C ++: 57 --- positive standard library special facility expressions (regex)

First, regular expressions Overview

  • C ++ provides a regular expression library (RE library) , which is part of the standard library. RE libraries defined in the header file in the regex , comprising a plurality of components (see below)

regex class

  • regex class represents a regular expression.

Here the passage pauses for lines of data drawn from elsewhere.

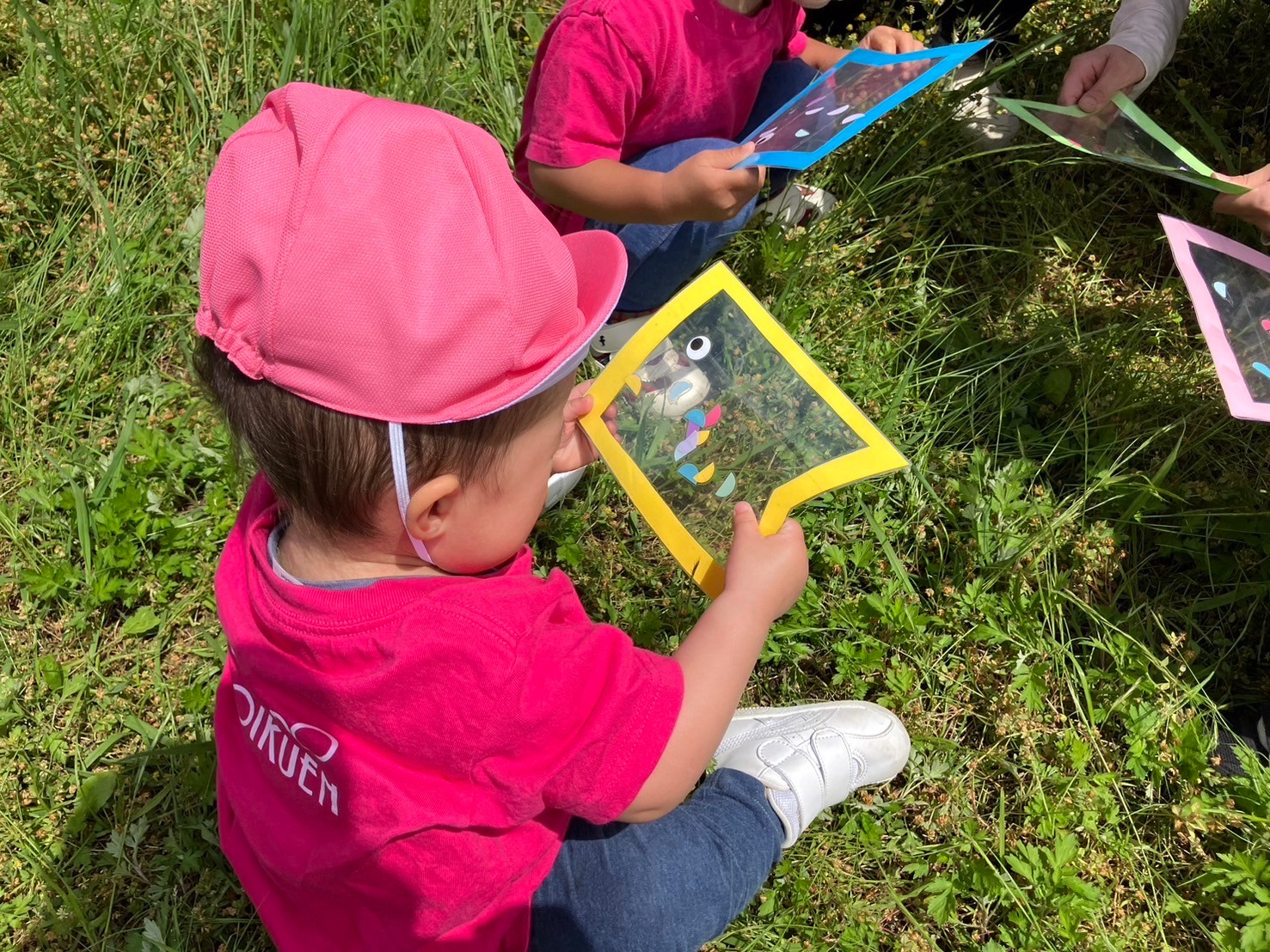 公園に行き、透明の鯉のぼりの部分を使って色んな模様に変身です。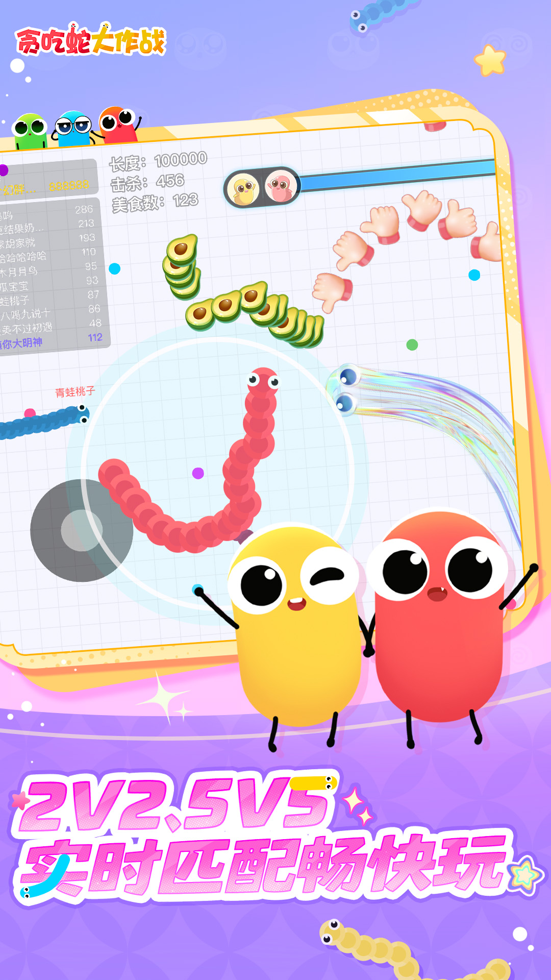 这是一款超好玩的休闲竞技游戏,不仅比拼手速,更考验你的策略!在贪吃蛇大作战的世界中,每个人在初始都化身为一条小蛇,通过不断努力变得越来越长,最终制霸一方!还可组团开黑,超畅快激情团战,随时三杀暴走超神!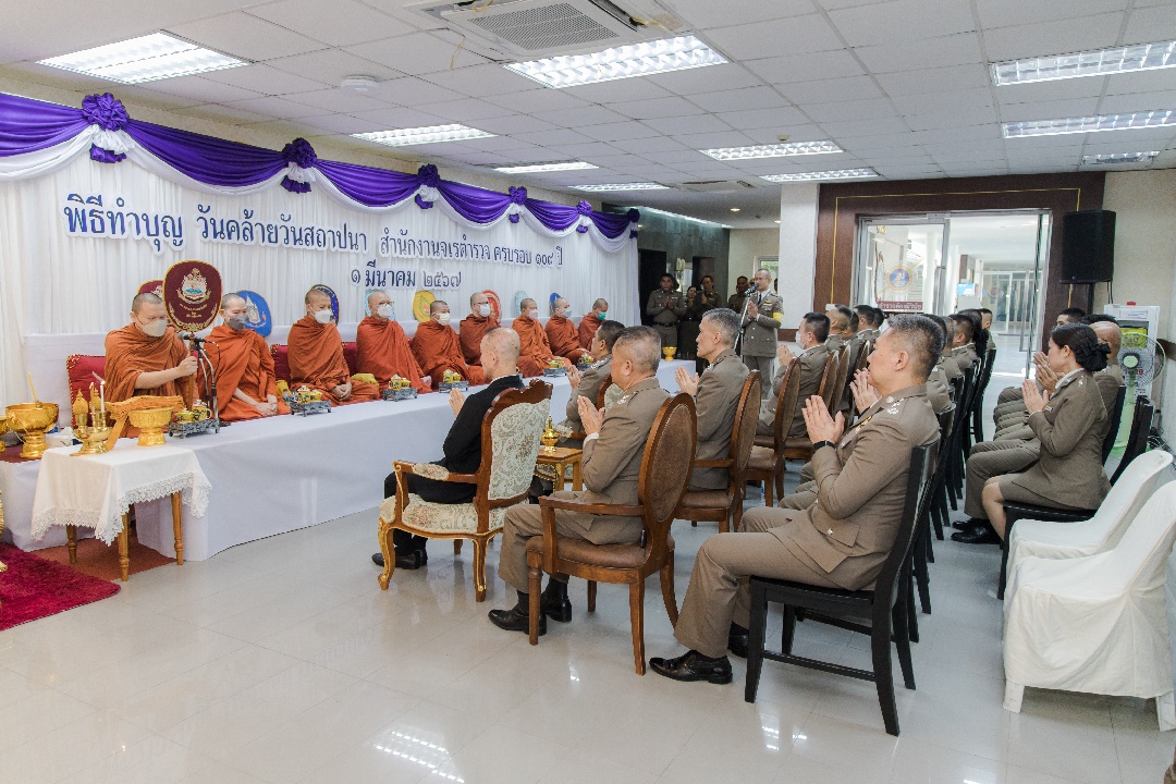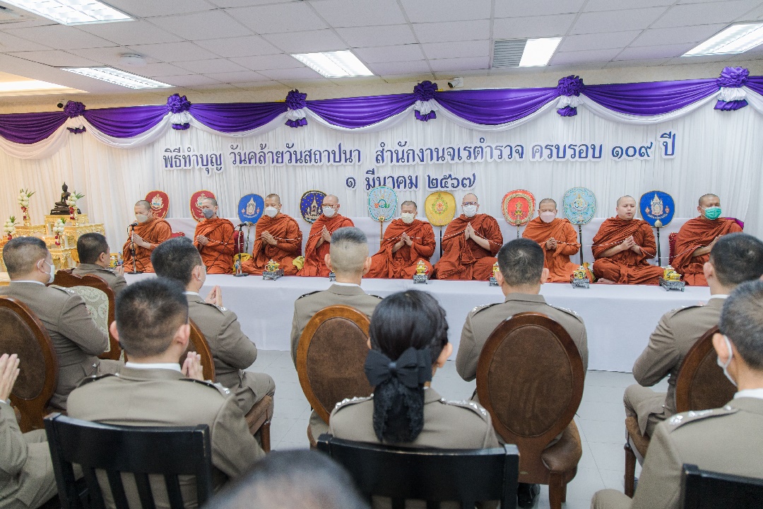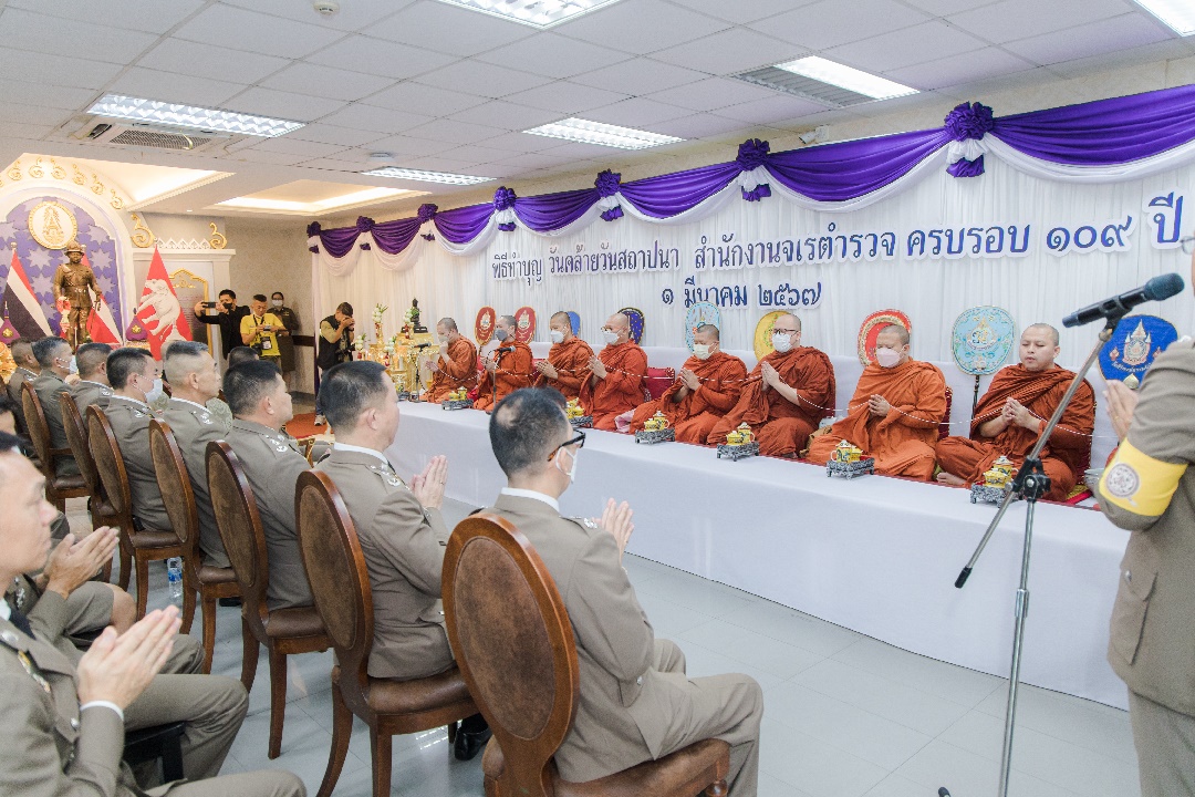 วันที่ 1 มี.ค.67 เวลา 08.30 น. พล.ต.ท.สุรพงษ์ ชัยจันทร์ รอง จตช., พล.ต.ท.ธนพล ศรีโสภา จตร.(หน.จต.), พล.ต.ท.สรศักดิ์ เย็นเปรม ประธาน ก.ร.ตร. ร่วมเป็นประธานในพิธีทำบุญเนื่องในวันสถาปนา จต. ครบรอบ 109 ปี โดยร่วมกับผู้บังคับบัญชาและข้าราชการตำรวจในสังกัด จต. สักการะสิ่งศักดิ์สิทธิ์และพิธีบำเพ็ญกุศลทักษิณานุปทานและเจริญพระพุทธมนต์ ณ ห้องโถงชั้น 1 จต.

In addition to the initialization and assignment, regex also supports a number of other operations (see description regex options below)

regex_match function, regex_search function

  • Function and function regex_match regex_search: determining whether a given character sequence with a matching regex Godin
    • If the whole input sequence and expression match, return true regex_match
    • If a substring match the expression of the input sequence, the return true regex_search
  • There is also a function described later regex_replace
  • The following is regex_search regex_match and function parameters:

Second, use a regular expression library

Case presentation

  • Below we give a demo Case: Find "i except after c, otherwise it must be before e" word
  • code show as below:
    • [^ c]: means match any character other than c
    • [^ c] ei: expressed the hope that the previous character c not now ei
    • [[: alpha:]]: indicates the matching any letter. * And + represent desired "one or more" or "zero or more" matches. Here we choose + will match zero for more than more letters
#include <iostream>
#include <string>
#include <regex>
using namespace std;

int main()
{
    //查找不在字符c之后的字符串ei
    std::string pattern("[^c]ei");
    //我们需要包含pattern的整个单词
    pattern = "[[:alpha:]]*" + pattern + "[[:alpha:]]*";

    std::regex r(pattern); //构造一个用于查找模式的regex
    std::smatch results;   //保存正则表达的搜索结果

    //测试字符串
    std::string test_str = "reslut freind theif receive";

    //在输入序列test_str中寻找匹配的子串r,并保存在results中
    if (regex_search(test_str, results, r))
        std::cout << results.str() << std::endl;

    return 0;
}
  • regex_search search function, once the search to the first match to find the exit . (So the above freind and theif match, but only printed freind)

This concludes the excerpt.